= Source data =
*** Block opens ***

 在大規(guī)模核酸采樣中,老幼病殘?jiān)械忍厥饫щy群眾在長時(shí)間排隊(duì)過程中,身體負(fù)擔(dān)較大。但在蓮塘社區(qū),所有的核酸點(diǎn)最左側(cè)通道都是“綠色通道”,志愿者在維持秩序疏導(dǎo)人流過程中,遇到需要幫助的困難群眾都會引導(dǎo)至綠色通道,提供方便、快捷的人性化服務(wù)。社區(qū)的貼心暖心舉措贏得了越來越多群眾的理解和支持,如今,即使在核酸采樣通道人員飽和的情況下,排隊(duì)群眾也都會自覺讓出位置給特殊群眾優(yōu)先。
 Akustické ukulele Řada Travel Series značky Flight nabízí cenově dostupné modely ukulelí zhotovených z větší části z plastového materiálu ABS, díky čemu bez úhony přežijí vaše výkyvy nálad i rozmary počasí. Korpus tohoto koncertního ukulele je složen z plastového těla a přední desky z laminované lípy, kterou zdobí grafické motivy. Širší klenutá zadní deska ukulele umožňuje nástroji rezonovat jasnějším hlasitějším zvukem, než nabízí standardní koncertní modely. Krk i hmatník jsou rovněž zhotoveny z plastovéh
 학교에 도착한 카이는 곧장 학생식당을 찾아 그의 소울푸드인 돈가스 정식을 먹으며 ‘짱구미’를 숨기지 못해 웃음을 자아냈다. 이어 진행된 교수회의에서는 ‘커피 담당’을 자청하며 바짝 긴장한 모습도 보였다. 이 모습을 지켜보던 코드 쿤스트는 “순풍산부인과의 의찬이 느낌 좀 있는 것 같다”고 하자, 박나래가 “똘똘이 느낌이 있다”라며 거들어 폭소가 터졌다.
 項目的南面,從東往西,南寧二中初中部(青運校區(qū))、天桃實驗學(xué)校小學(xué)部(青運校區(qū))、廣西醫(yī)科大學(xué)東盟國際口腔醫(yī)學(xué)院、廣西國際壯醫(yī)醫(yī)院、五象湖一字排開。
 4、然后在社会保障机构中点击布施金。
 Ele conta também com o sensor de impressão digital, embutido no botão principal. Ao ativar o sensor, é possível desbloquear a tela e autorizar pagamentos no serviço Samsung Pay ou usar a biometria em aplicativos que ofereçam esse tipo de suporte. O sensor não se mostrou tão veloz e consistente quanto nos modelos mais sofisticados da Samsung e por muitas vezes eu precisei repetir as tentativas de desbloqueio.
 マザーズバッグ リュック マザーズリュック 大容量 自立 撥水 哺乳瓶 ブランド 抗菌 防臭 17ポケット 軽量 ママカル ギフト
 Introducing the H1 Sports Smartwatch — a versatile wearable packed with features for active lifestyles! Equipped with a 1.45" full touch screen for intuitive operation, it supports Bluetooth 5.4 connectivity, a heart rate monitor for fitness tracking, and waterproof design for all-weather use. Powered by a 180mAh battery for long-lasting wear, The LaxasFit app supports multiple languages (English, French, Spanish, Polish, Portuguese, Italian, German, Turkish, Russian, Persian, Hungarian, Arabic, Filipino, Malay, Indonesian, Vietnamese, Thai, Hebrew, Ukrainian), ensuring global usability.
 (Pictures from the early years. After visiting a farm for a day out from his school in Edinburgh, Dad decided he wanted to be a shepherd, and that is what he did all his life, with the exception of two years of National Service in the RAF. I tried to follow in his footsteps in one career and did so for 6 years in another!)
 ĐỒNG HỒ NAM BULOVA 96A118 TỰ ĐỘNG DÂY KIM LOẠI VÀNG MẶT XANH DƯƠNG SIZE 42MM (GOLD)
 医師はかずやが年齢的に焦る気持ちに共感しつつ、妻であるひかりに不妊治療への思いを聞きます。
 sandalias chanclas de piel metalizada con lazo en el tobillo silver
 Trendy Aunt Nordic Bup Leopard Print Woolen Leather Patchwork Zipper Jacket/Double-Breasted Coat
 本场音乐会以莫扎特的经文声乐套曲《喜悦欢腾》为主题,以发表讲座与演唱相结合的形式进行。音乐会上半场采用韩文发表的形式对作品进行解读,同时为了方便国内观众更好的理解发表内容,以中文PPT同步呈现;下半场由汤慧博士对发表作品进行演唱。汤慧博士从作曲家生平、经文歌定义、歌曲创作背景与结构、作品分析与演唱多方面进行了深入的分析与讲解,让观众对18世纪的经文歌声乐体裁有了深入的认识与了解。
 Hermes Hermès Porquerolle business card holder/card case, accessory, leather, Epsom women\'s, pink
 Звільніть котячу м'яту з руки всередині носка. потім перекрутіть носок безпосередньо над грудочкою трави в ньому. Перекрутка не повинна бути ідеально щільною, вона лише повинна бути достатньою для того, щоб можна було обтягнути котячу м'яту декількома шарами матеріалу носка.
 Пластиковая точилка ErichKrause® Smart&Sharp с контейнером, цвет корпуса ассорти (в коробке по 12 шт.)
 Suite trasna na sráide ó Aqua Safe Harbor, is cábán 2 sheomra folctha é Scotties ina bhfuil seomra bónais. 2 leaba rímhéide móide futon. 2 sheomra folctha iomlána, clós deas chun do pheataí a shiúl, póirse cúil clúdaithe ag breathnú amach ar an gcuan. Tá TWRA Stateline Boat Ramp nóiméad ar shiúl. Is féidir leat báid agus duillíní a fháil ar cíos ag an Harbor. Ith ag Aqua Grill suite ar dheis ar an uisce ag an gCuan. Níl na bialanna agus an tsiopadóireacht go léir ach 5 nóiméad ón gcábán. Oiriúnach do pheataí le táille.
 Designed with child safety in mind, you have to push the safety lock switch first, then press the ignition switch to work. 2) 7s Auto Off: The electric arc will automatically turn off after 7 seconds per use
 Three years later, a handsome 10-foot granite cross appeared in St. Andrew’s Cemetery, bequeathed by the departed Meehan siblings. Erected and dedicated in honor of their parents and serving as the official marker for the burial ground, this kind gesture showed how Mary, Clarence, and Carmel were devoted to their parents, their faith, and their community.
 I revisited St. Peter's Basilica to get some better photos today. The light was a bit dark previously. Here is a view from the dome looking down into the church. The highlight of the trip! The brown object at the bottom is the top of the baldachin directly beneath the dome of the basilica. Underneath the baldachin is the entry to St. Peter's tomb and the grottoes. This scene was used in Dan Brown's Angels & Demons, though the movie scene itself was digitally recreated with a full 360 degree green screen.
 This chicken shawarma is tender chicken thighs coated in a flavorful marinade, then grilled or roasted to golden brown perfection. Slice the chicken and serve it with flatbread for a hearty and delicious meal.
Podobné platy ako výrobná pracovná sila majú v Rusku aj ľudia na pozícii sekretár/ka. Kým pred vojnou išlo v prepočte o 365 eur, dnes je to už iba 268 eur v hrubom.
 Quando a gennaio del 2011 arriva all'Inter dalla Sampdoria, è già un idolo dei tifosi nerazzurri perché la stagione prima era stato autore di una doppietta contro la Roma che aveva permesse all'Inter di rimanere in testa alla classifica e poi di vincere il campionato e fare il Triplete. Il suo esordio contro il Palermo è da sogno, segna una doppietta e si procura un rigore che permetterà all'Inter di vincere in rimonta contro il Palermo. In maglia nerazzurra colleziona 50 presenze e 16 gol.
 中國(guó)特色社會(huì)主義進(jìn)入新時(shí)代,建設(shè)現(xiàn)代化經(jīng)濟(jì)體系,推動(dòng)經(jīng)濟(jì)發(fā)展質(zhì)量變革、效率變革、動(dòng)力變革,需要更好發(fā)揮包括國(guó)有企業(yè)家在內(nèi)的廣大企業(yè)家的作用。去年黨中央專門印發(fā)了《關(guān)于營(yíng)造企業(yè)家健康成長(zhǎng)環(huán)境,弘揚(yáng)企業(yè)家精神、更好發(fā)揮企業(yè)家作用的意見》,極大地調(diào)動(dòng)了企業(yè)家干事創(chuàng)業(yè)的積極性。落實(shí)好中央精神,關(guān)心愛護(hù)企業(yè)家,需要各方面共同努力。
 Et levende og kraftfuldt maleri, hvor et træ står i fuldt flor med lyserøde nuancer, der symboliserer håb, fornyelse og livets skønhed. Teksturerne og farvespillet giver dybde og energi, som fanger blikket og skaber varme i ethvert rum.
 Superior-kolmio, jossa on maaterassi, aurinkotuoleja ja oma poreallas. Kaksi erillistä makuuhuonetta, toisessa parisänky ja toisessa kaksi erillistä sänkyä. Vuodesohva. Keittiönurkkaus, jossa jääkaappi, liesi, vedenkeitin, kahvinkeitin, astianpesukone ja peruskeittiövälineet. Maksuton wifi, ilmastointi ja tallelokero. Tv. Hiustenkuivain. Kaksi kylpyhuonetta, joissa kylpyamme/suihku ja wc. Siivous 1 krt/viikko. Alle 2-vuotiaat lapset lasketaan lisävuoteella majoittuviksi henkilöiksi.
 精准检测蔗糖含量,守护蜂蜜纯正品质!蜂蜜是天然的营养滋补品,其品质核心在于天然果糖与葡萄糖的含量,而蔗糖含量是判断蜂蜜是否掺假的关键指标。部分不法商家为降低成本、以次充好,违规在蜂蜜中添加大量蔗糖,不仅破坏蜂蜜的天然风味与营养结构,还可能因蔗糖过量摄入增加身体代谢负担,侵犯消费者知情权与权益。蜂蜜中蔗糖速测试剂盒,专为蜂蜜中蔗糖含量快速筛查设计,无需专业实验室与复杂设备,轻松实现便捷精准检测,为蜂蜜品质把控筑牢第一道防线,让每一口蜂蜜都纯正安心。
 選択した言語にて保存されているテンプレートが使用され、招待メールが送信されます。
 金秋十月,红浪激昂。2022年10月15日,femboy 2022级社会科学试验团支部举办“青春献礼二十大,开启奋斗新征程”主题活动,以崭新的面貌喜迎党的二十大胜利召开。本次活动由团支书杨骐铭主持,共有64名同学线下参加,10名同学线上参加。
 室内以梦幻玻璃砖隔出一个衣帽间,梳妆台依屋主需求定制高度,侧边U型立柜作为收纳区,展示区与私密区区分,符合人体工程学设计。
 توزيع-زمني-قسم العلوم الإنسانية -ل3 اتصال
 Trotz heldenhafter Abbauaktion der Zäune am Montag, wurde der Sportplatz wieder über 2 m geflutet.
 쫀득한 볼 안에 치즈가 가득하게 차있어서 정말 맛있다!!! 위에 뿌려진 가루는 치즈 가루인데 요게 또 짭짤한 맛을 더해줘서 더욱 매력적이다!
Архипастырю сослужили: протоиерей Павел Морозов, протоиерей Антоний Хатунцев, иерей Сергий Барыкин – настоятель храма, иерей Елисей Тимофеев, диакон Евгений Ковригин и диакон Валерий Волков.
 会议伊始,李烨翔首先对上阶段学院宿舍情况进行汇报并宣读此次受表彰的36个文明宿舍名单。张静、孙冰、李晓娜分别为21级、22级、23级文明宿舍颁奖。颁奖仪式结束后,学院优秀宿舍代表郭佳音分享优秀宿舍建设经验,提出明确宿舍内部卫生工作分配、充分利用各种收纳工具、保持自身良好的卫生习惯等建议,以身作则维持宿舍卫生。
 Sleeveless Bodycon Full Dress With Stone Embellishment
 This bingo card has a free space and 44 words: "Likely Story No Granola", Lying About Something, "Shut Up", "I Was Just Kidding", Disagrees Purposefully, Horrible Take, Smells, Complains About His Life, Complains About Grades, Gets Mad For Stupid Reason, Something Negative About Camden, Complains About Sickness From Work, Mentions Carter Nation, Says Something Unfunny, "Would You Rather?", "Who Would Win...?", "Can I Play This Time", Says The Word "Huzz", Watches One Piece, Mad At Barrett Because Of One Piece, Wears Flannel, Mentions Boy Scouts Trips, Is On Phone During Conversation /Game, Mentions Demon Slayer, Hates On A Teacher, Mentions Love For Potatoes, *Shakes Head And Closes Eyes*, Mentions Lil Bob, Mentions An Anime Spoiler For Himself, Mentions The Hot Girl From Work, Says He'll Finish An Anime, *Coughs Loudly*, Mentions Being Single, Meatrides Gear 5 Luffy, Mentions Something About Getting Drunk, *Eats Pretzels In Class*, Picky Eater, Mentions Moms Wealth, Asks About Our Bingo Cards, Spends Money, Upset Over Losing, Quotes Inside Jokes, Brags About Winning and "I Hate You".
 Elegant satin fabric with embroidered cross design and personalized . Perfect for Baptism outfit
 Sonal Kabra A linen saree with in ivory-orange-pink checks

*** Block closes ***

= WHAT TO PRODUCE =
Give again exactly, and only, the lines above starting at the one with "Three years later, a" and ending at the one with "I revisited St.".

= EXERCISE SOLUTION =
 Three years later, a handsome 10-foot granite cross appeared in St. Andrew’s Cemetery, bequeathed by the departed Meehan siblings. Erected and dedicated in honor of their parents and serving as the official marker for the burial ground, this kind gesture showed how Mary, Clarence, and Carmel were devoted to their parents, their faith, and their community.
 I revisited St. Peter's Basilica to get some better photos today. The light was a bit dark previously. Here is a view from the dome looking down into the church. The highlight of the trip! The brown object at the bottom is the top of the baldachin directly beneath the dome of the basilica. Underneath the baldachin is the entry to St. Peter's tomb and the grottoes. This scene was used in Dan Brown's Angels & Demons, though the movie scene itself was digitally recreated with a full 360 degree green screen.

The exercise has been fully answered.